TASK DIRECTIONS: The answer is the exact run of lines in the listing below from the line containing "Photographs and SEM" up to and including the line containing "八哥图,新彩瓷盘红悔图,粉彩瓷瓶", with pictures removed.

DATA PROVIDED:
..............................
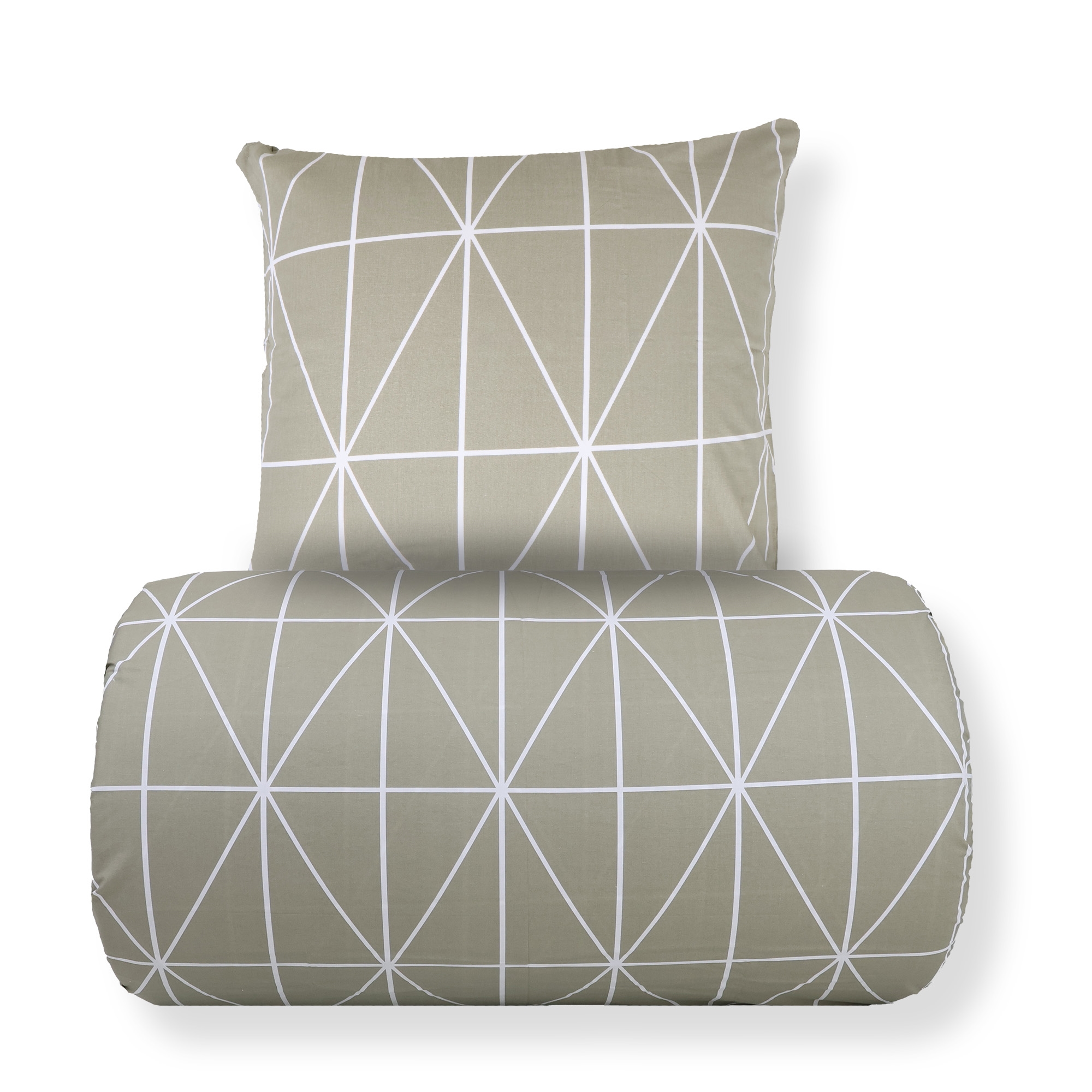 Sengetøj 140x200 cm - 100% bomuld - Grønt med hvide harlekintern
..............................
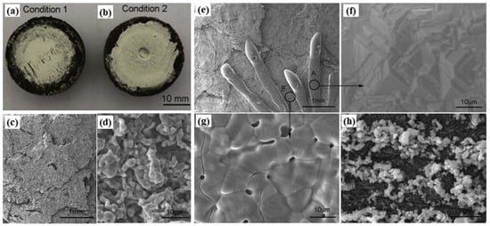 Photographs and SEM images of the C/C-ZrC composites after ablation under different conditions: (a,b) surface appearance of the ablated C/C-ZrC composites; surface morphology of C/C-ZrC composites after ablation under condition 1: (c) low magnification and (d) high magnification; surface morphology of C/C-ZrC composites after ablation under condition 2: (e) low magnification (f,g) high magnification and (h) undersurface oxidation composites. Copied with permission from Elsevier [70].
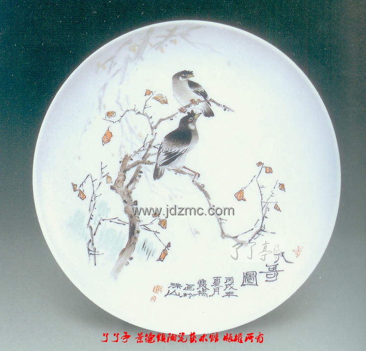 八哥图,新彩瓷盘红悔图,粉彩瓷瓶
..............................
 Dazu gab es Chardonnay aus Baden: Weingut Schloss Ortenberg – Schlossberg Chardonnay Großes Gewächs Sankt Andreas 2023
..............................
WRITTEN SOLUTION:
 Photographs and SEM images of the C/C-ZrC composites after ablation under different conditions: (a,b) surface appearance of the ablated C/C-ZrC composites; surface morphology of C/C-ZrC composites after ablation under condition 1: (c) low magnification and (d) high magnification; surface morphology of C/C-ZrC composites after ablation under condition 2: (e) low magnification (f,g) high magnification and (h) undersurface oxidation composites. Copied with permission from Elsevier [70].
 八哥图,新彩瓷盘红悔图,粉彩瓷瓶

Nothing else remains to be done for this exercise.